Foreclosure tours popular among European investors
CLARKONOMICS: Treasury Secretary Paulson is still trying to recover credibility after the Bear Stearns debacle. Now he's launched a campaign to reorganize who's regulated by the government and how they're regulated. Bear Stearns and others were using borrowed money to make bets that brought in huge profits during prior years. Then when the bets failed, they whimpered like hurt animals and went running to Uncle Sam. After all, there were the costs of yacht rentals, vacation home mortgages and country club memberships to pay…boo hoo!
The problem is that Bear Stearns was bailed out with taxpayer money. Meanwhile, the Federal Reserve has been lowering interest rates unconscionably, which destroys the value of our dollar and our financial status in the world. We'll be paying for years to come for the excesses of the banks, brokerage house, et al.
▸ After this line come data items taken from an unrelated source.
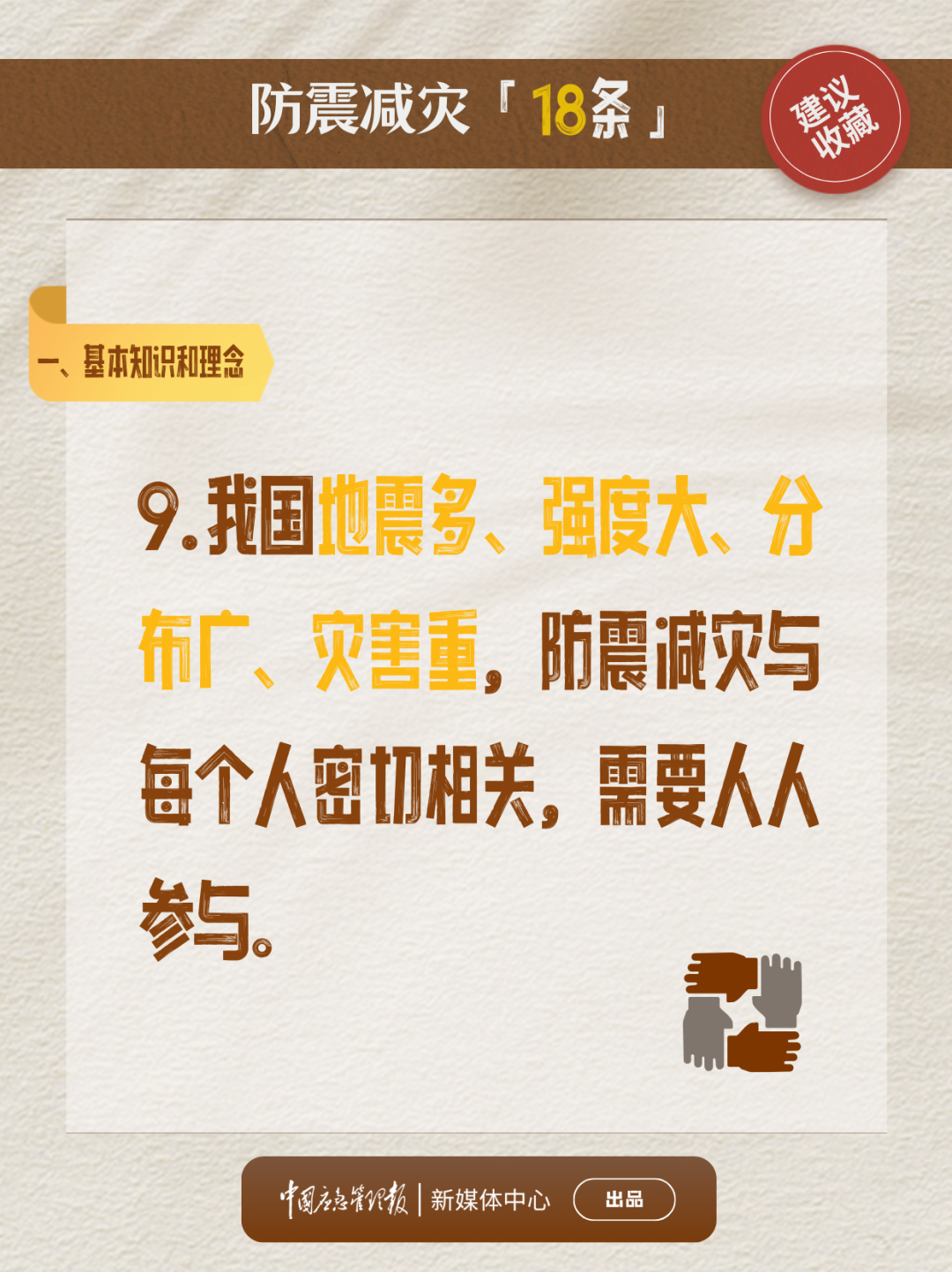 9.我国地震多、强度大、分布广、灾害重,防震减灾与每个人密切相关,需要人人参与。
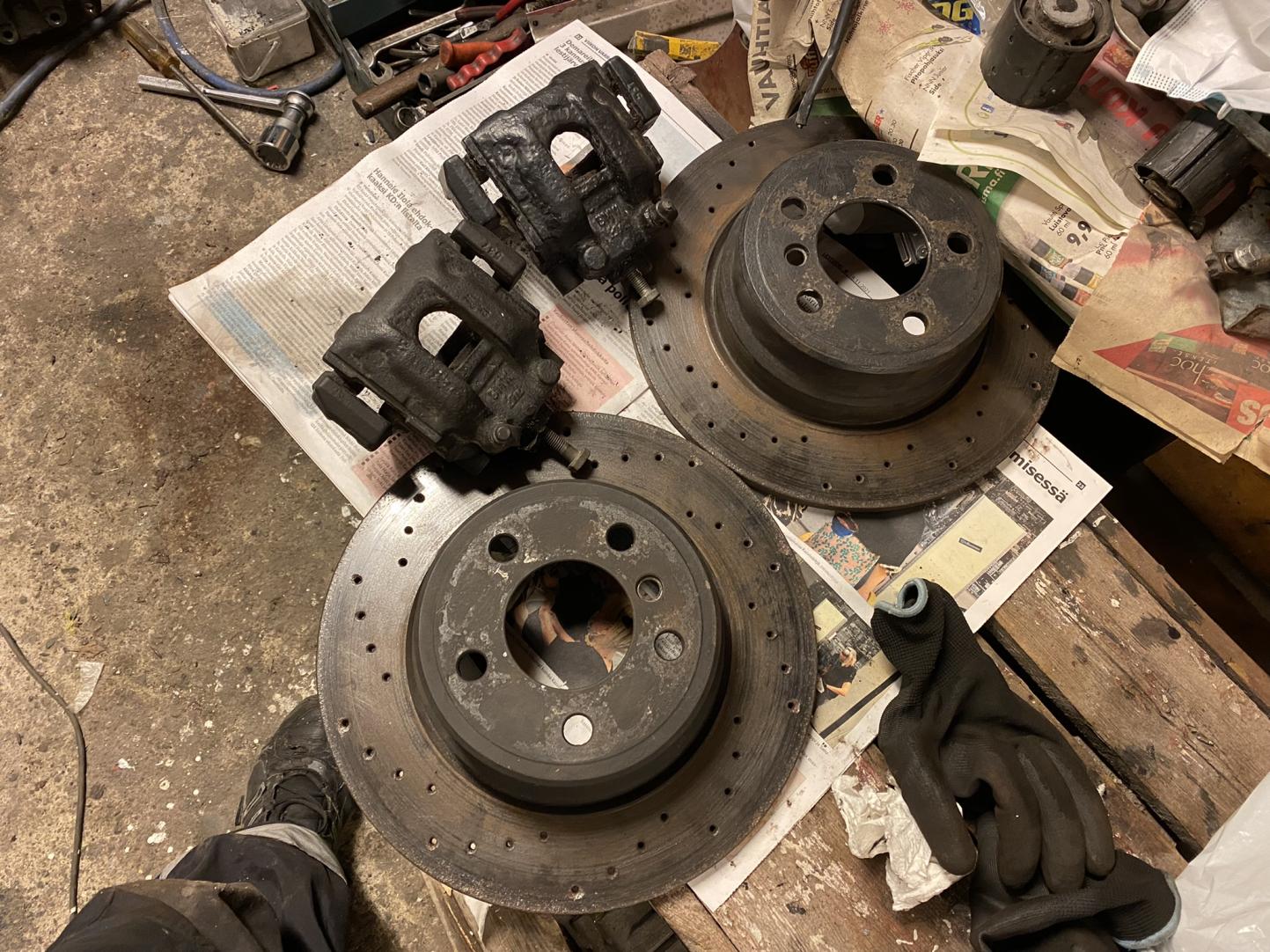 E53 X5 takajarrulevyt ja uudenveroiset palat, rei'itetyt levyt 324X12 34216859678 h. 40e (kuva)
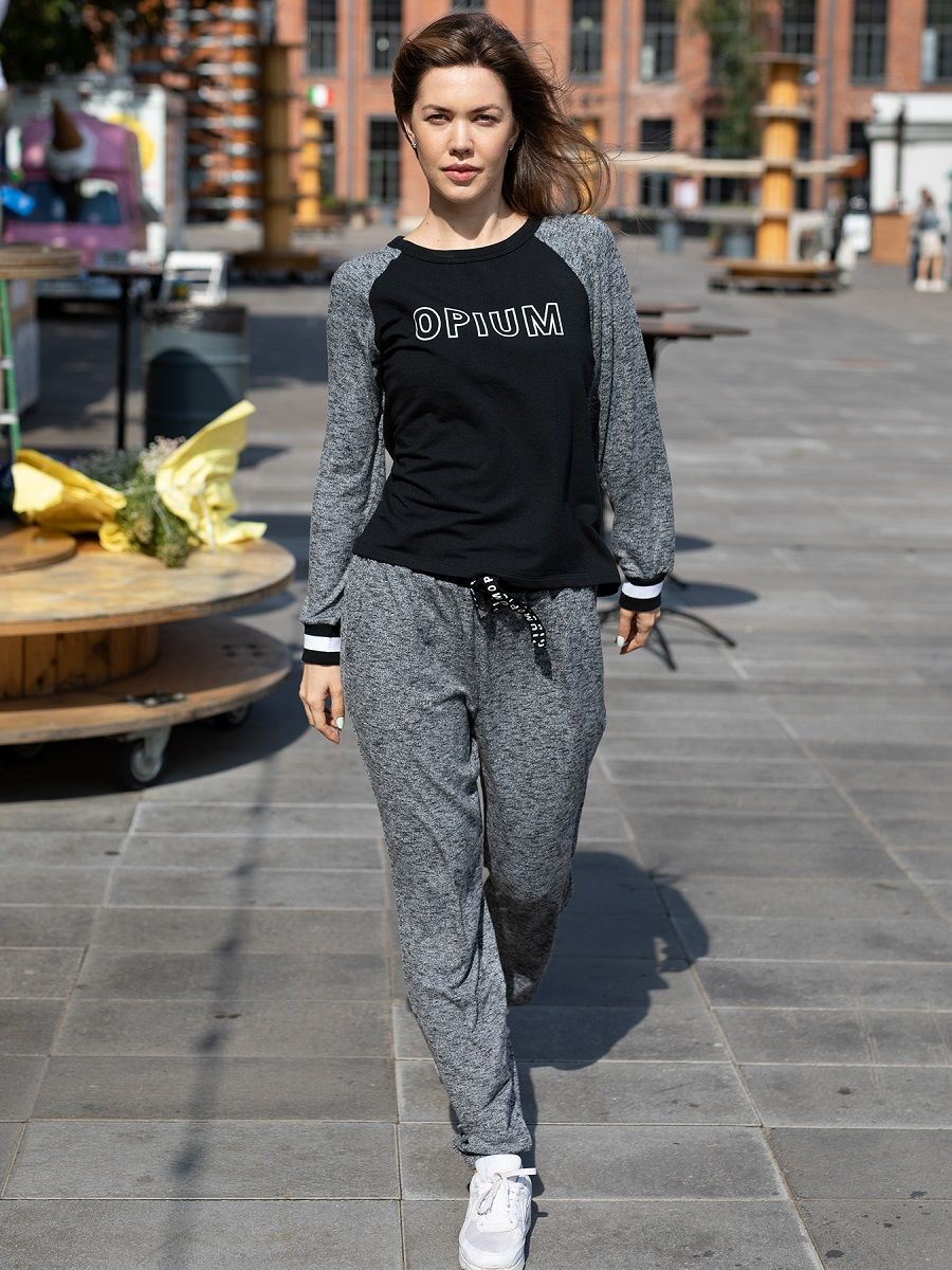 Спортивный костюм женский 'OPIUM' L, серый/черный, свободный силуэт

Next up, look for the push and shove on Capitol Hill as our elected officials tackle the issue of moral equivalency in deciding whether or not to offer bailouts to ordinary homeowners.
But where there's distress, there's also opportunity. Have you heard about the foreclosure tourists in Southeastern Florida? These are mostly European investors who are flying over here and hopping on buses to go around looking at foreclosures. If they see something they like, they use their strong Euro currency to get a steal of a deal. This is also going on in the Washington, D.C., market. Clark does not believe we should use taxpayer money to bailout those who are facing foreclosure. Meanwhile, this trend of foreclosure tourism underscores the fact that there's real opportunity in the second home market. The National Association of Realtors corroborates with news that vacation home sales are down by a third.